About this exercise: Restate the data below word for word, and let no image into your version.

Data:
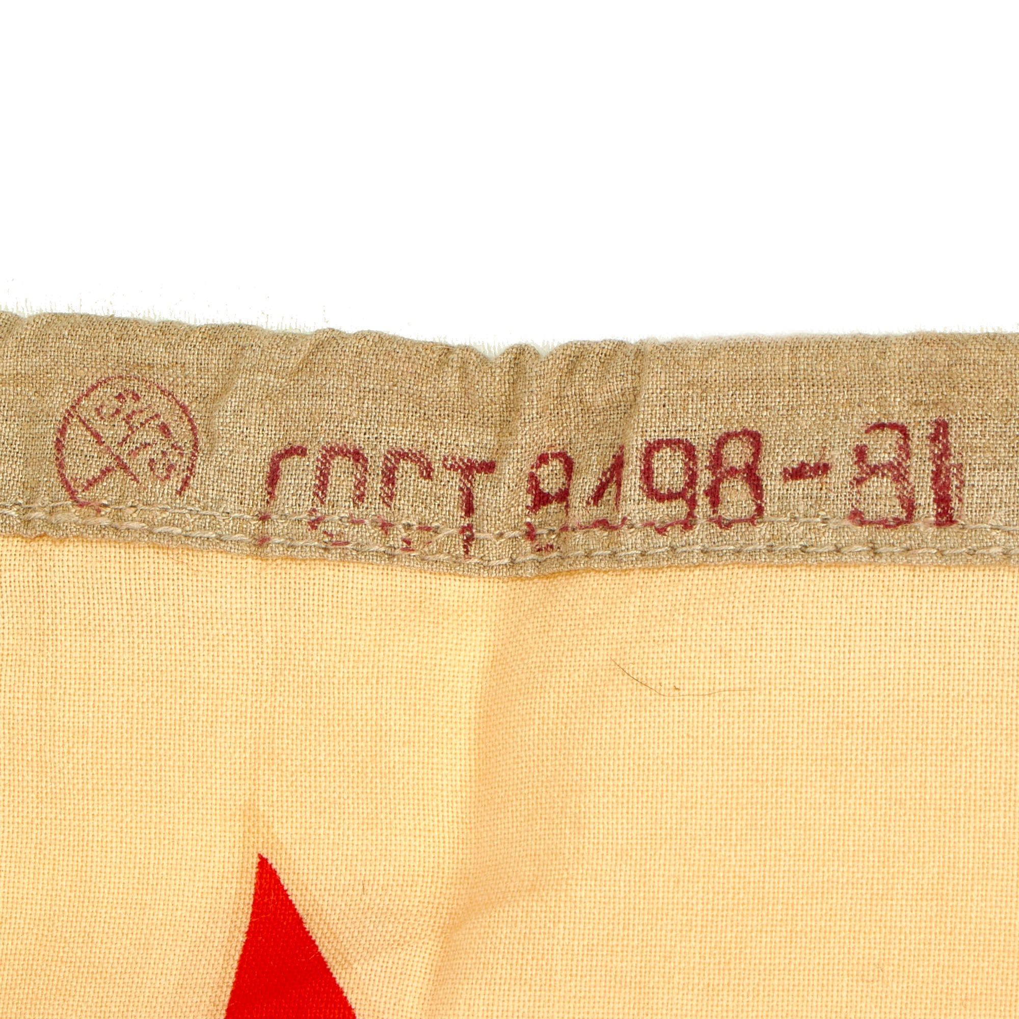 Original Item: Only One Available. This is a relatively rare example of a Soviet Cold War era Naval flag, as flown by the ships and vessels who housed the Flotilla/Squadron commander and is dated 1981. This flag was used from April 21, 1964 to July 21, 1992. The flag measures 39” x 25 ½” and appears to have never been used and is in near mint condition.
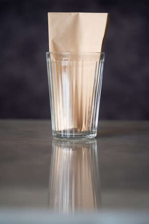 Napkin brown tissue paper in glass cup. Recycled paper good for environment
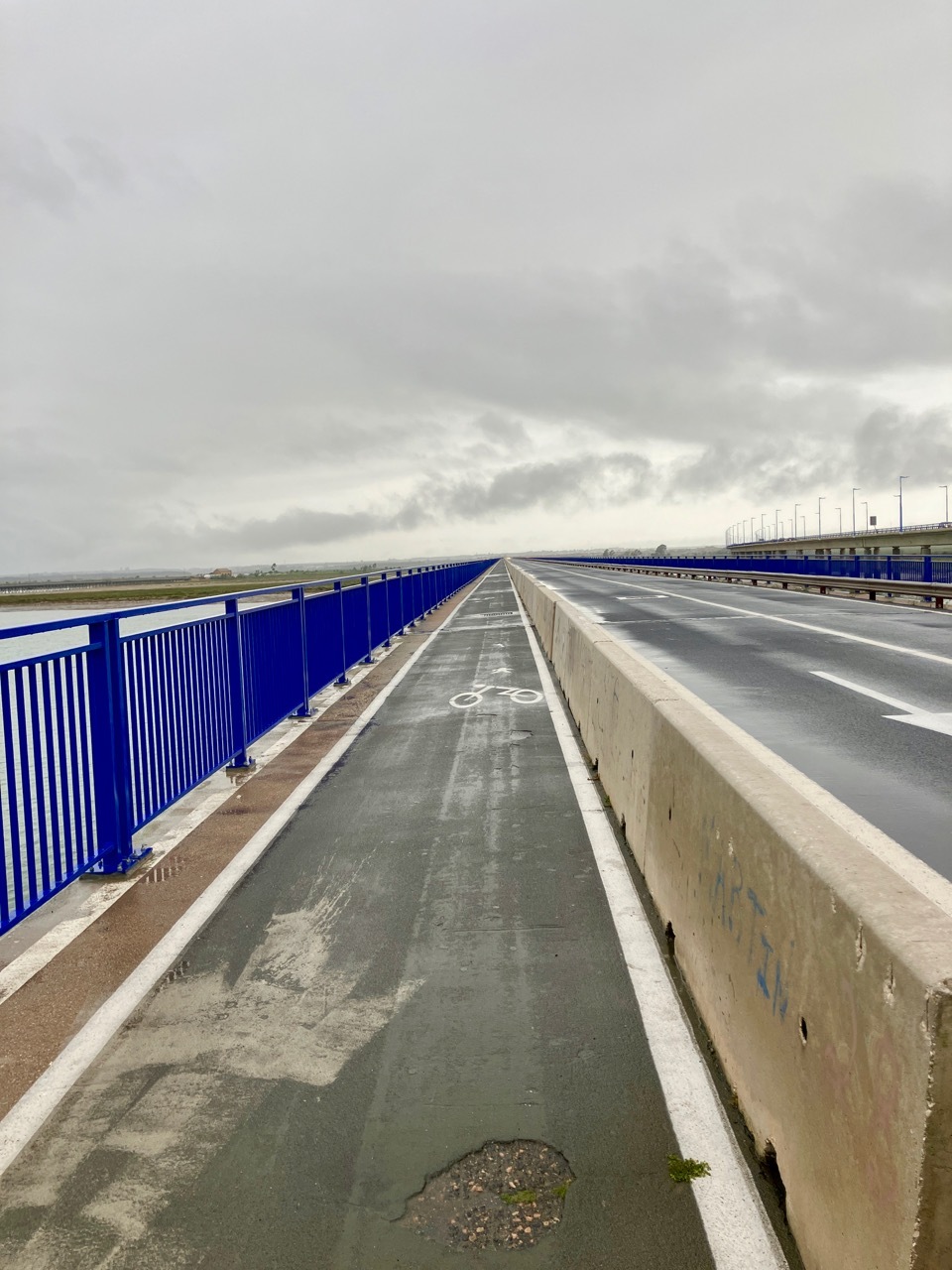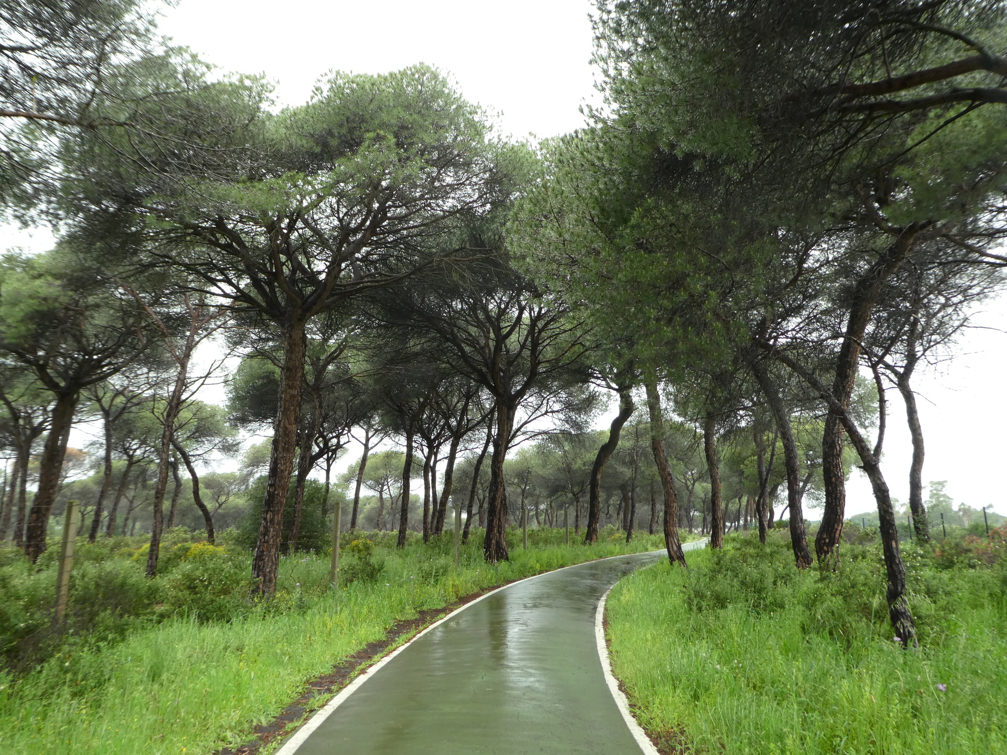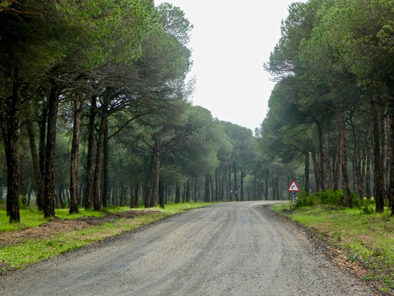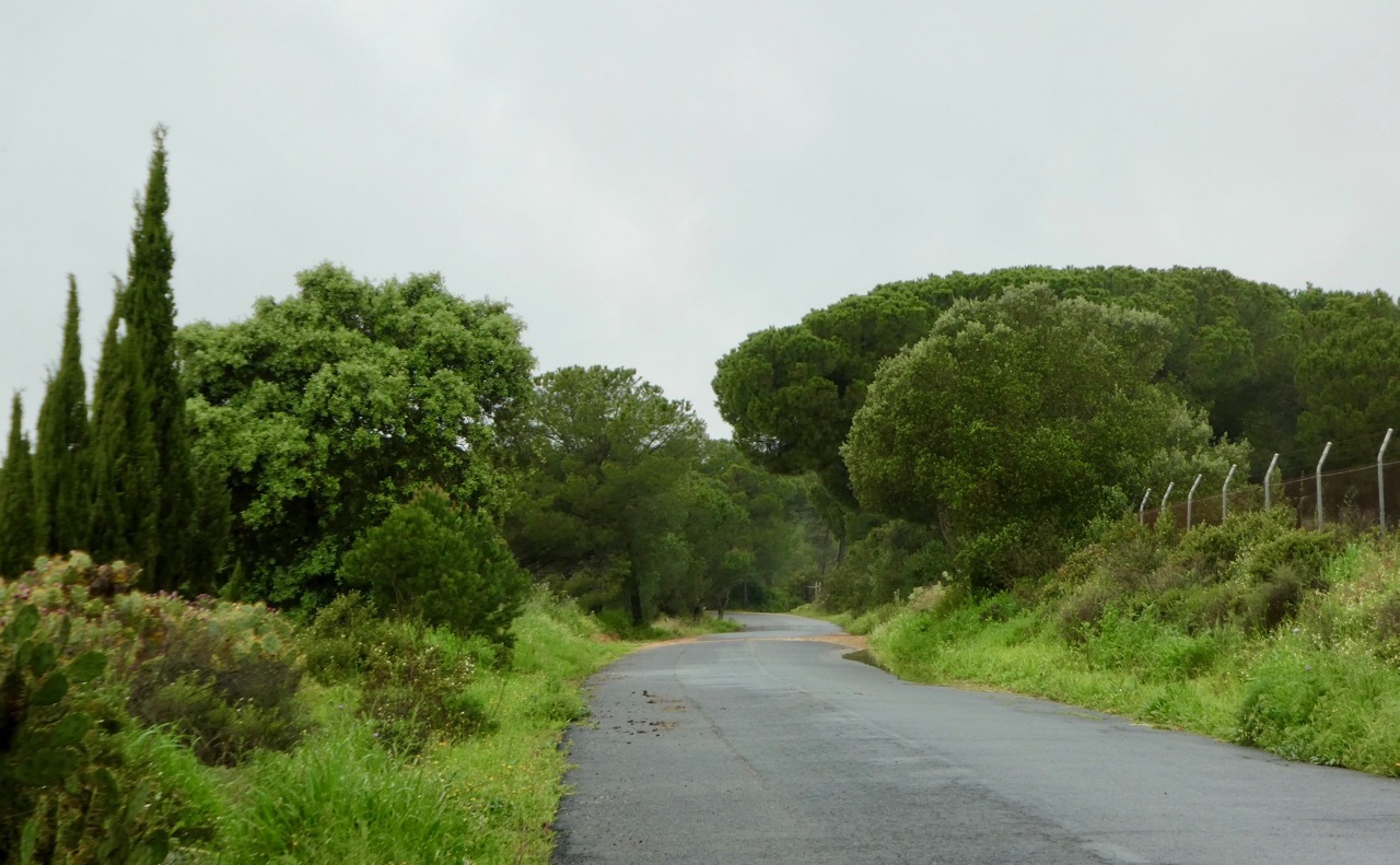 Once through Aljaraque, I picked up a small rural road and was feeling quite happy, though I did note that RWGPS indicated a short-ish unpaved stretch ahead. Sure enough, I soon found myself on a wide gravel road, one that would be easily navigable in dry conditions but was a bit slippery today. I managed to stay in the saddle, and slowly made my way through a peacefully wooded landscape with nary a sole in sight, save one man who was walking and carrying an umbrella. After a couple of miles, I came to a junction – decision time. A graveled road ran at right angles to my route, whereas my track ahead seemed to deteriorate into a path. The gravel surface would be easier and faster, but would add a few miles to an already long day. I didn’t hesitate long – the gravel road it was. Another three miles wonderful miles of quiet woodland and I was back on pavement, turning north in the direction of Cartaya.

Solution:
 Original Item: Only One Available. This is a relatively rare example of a Soviet Cold War era Naval flag, as flown by the ships and vessels who housed the Flotilla/Squadron commander and is dated 1981. This flag was used from April 21, 1964 to July 21, 1992. The flag measures 39” x 25 ½” and appears to have never been used and is in near mint condition.
 Napkin brown tissue paper in glass cup. Recycled paper good for environment
 Once through Aljaraque, I picked up a small rural road and was feeling quite happy, though I did note that RWGPS indicated a short-ish unpaved stretch ahead. Sure enough, I soon found myself on a wide gravel road, one that would be easily navigable in dry conditions but was a bit slippery today. I managed to stay in the saddle, and slowly made my way through a peacefully wooded landscape with nary a sole in sight, save one man who was walking and carrying an umbrella. After a couple of miles, I came to a junction – decision time. A graveled road ran at right angles to my route, whereas my track ahead seemed to deteriorate into a path. The gravel surface would be easier and faster, but would add a few miles to an already long day. I didn’t hesitate long – the gravel road it was. Another three miles wonderful miles of quiet woodland and I was back on pavement, turning north in the direction of Cartaya.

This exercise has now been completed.